*What you are asked to do:* Print the lines of the listing below verbatim from its first line through the line bearing "赤飯、すまし汁、メバルの柚子味噌焼き、". Any pictures are to be omitted.
-------- Source data
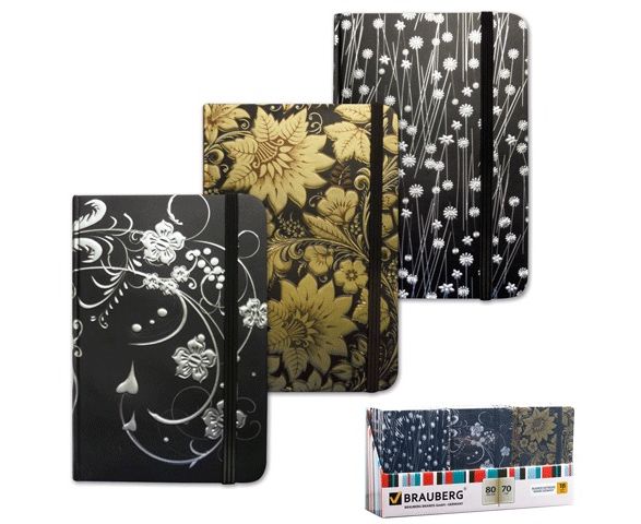 Блокнот А7, 80 л., BRAUBERG, на резинке, металлизированная бумага, клетка, 3 вида, 90х140 мм
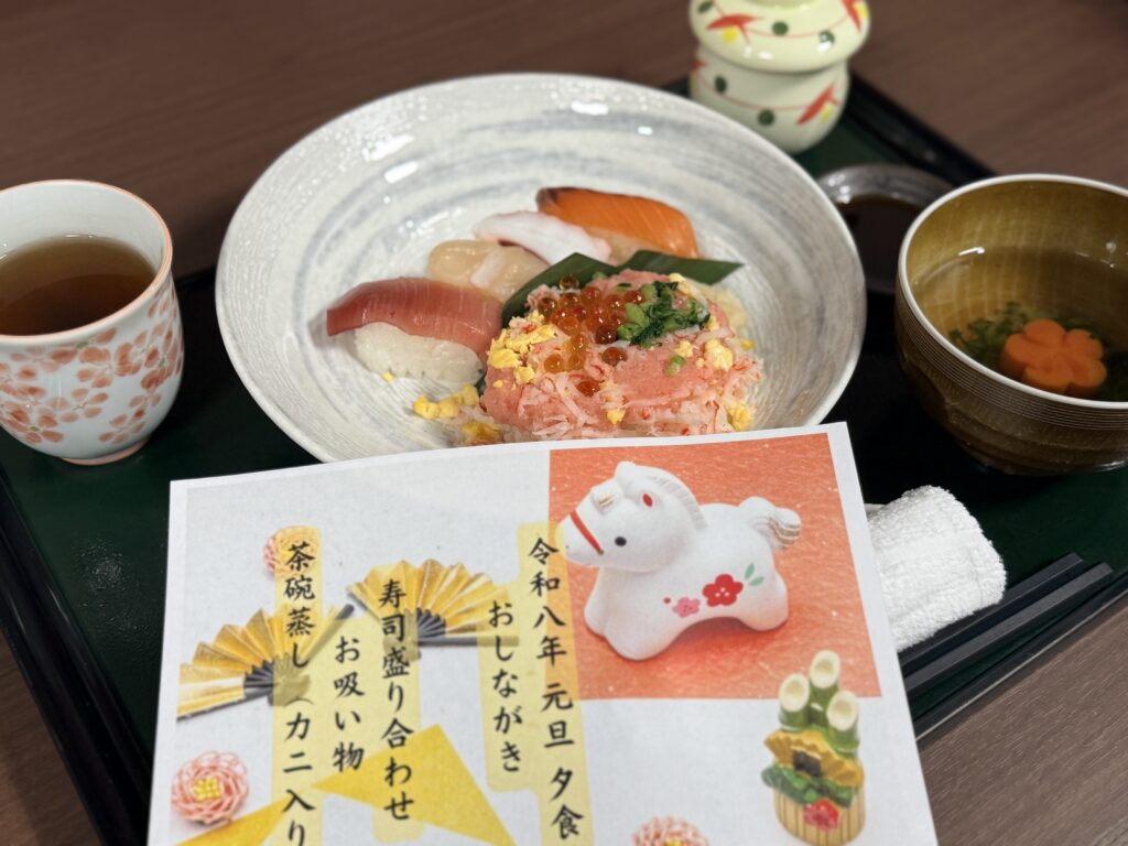 赤飯、すまし汁、メバルの柚子味噌焼き、
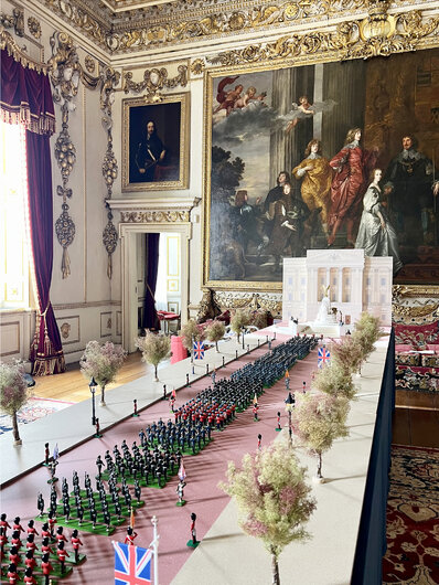 The Queen’s Funeral Parade mock-up, in which the Queen, Herself, took part in the planning years before. Set Decorator Alison Harvey SDSA embraced the task of finding tin soldiers from all over the world, and eventually 3-D printing some, so she and her team could accurately portray each regiment as would appear in the future procession. Alison gives fascinating details in the video conversion above.
----------------
*Response below:*
 Блокнот А7, 80 л., BRAUBERG, на резинке, металлизированная бумага, клетка, 3 вида, 90х140 мм
 赤飯、すまし汁、メバルの柚子味噌焼き、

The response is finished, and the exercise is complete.